Later, a friend recommended another book that proved to be influential - "Making Rustic Furniture" by Daniel Mack. So impressed was she by Mack's work, that she drove her truck cross-country one summer to take part in one of his occasional workshops.

Her first successful piece of furniture was a footstool with eight hand-carved tenons, which she learned to make following instructions from Mack's book. Since then she has made chairs, benches, and hat racks, among other things.

To see more of Kingsbury's recent creations, we move to a tatami room in her rented farmhouse for a cup of tea. An arrangement of twigs cradling sheet music brings to mind a sacred text found in the forest. A piece of wood to which she has added a leg reminds me of Dr. Suess's whimsical storybook characters. There is a sculpture - arranged rather than carved - which looks like a rabbit sitting cross-legged in the curve of a crescent moon. From another angle, that rabbit might be a pair of entwined lovers.

 

This intentional ambiguity in Kingsbury's work is a gift to the viewer; so are the unexpected angles and juxtapositions found in her more functional designs. As Okakura Kakuzo writes in the classic "Book of Tea," first published in the early 1900s, "In the art of the Orient uniformity of design is fatal to the freshness of the imagination." Kingsbury provides ample room for the mind to romp.

One of the chairIt is possible that influences from Kingsbury's latest discipline, the study of the design and maintenance of Japanese gardens, will also nter her work. She began apprenticing with a master gardener on this, her second sojourn in Japan.

"I'm interested in tree shapes," she says. "It's always been a little mysterious to me about how Japanese trees get their shape." Tree trimming was one of her first lessons.

 

So far this new field has taught Kingsbury about the power of the components in a composition. When designing a garden, she'd been hoping to use two large and dramatic rocks, but another gardener advised her that the rocks would fight.

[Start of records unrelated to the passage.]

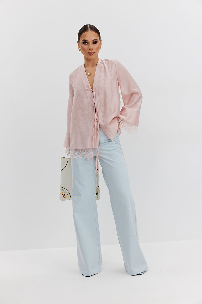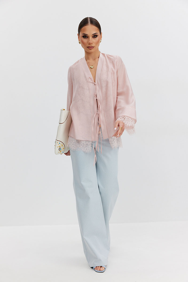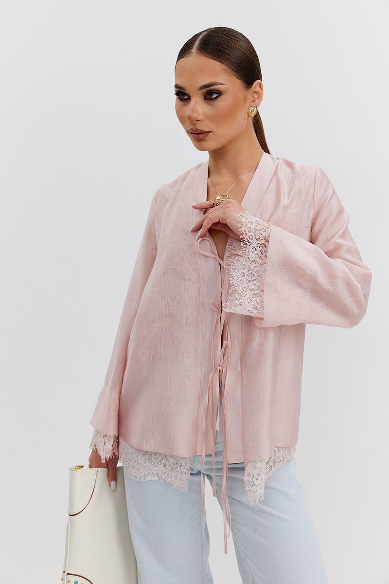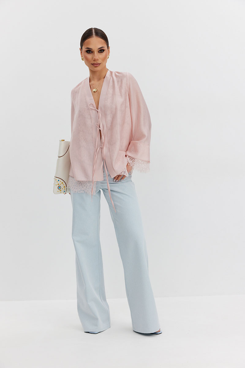 Блузка женская свободного силуэта, из полупрозрачной вуали. Спинка и перед на кружевной подкладке. Застежка на планку с тремя завязками. Рукав втачной длинный расширенный книзу, по низу рукава кружевная широкая манжета, имитирующая многослойность.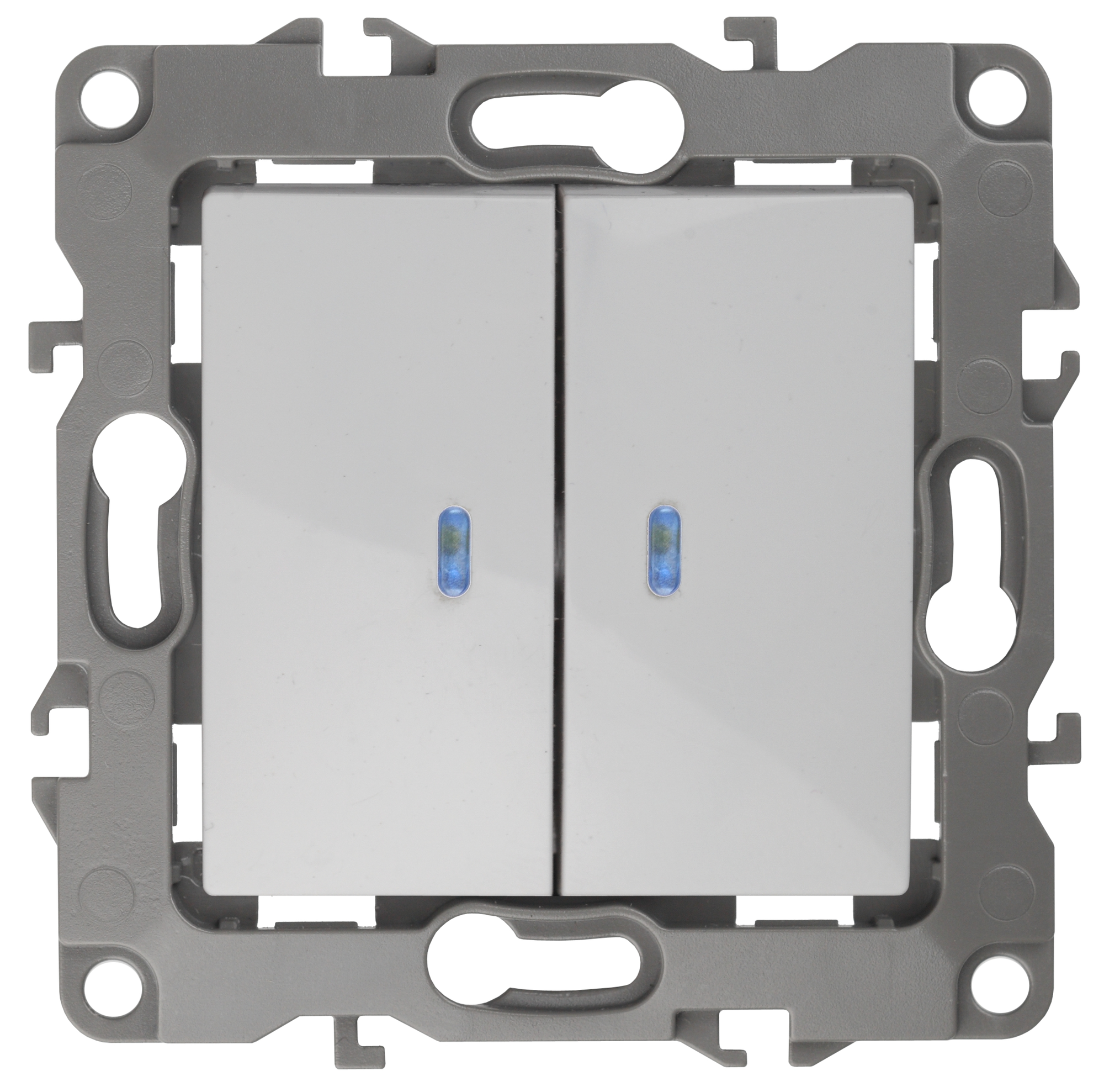 Выключатель 2-клавишный с подсветкой серии Эра 12 скрытой установки сделан из поликарбоната, оснащёно автоматическими клеммами для быстрой и надёжной фиксации жил кабеля в механизме. Парные клеммы обеспечивают соединение шлейфом. Монтаж в подрозетник производится и на лапки, и на винты. Рамки приобретаются отдельно.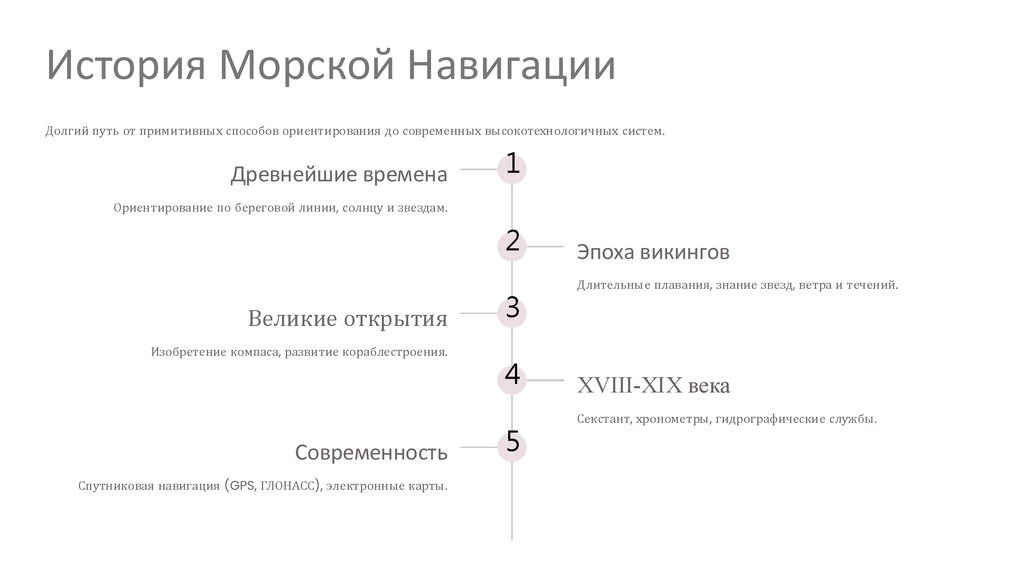 История Морской НавигацииДолгий путь от примитивных способов ориентирования до современных высокотехнологичных систем.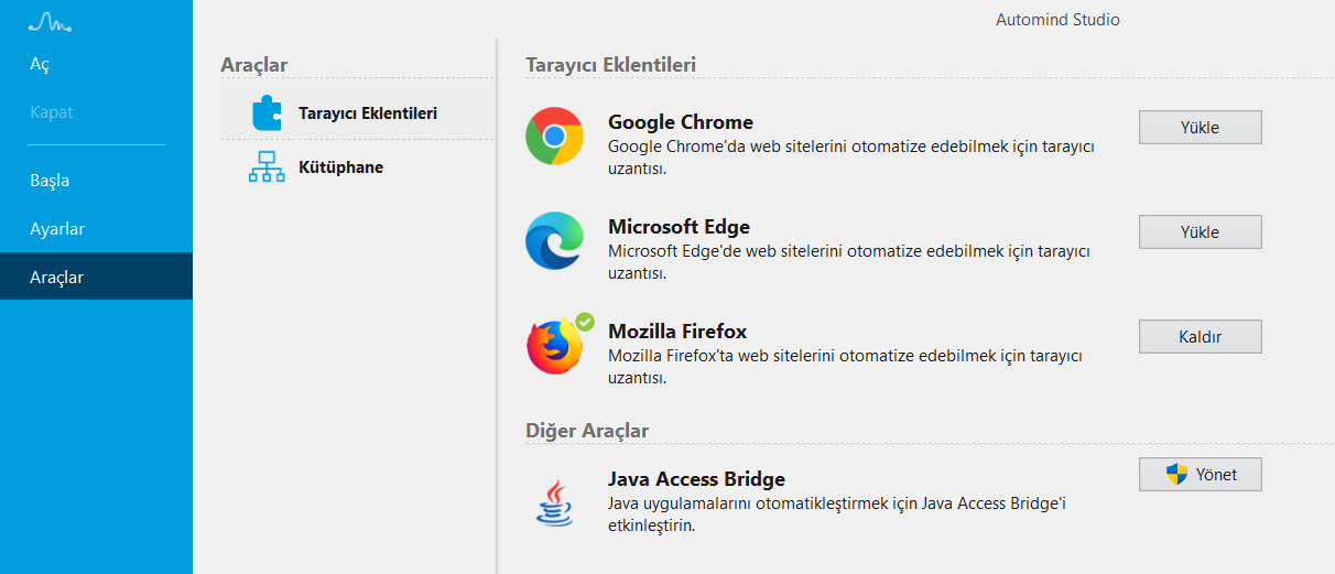 Eklentinin yalnızca Araçlar menüsü üzerinden yönetilmesi gerekmektedir. Aksi takdirde otomasyon aracının düzgün çalışması engellenebilir.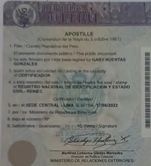 Peruvian Documents that can be authenticated with Apostille Stamps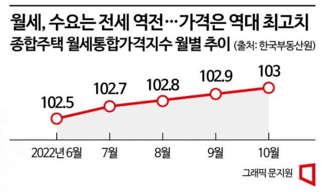 월세에 임대차 수요가 몰리면서 월세가격은 역대 최고치를 찍었다. 한국부동산원의 종합주택 월세통합가격지수는 지난 10월 103으로 올해 꾸준히 상승세를 보이고 있다. 반면, 전세가격지수는 입주 물량 증가와 월세화 현상으로 올해 6월(103.2) 이후로 4개월 연속 하락하며 101.4를 기록했다.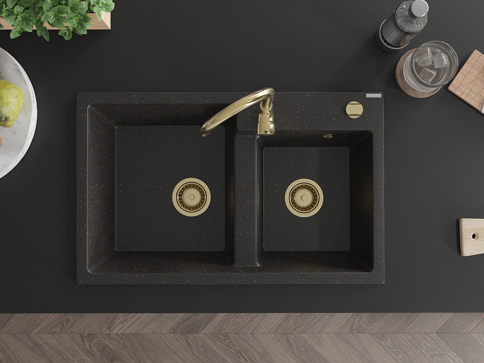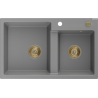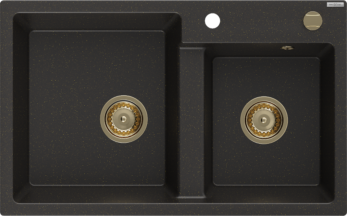 Mexen Tomas gránit 2-medencés mosogató 800 x 500 mm, fekete/arany metál, arany szifon - 6516802000-75-G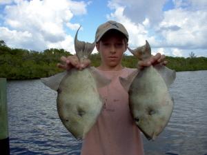 The photo shown is of ten-year-old-angler, Blake Dargis, with a pair of 16 inch triggerfish caught on a recent offshore trip.
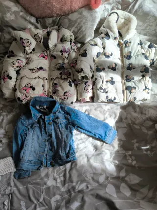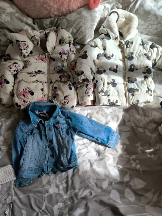 Conjunto de dos chaquetas infantiles con estampado de Minnie Mouse. - Chaqueta acolchada blanca y negra talla 86 - Chaqueta acolchada blanca con siluetas de Minnie de colores talla 92 - Chaqueta vaquera azul talla 92

Kingsbury tells me that this makes sense in considering pieces of wood for her chairs as well.

Last spring, her garden on the theme of "Outcropping" was displayed at the 20th Annual Flower and Garden Exhibit held in Tokushima.

As a beginner, she tried to stay close to the standard design in her tree trunk composition. She arranged three rocks, with one main vertical rock, one horizontal, and one accompanying diagonal (representing heaven, earth, and humanity, respectively, as they do in ikebana).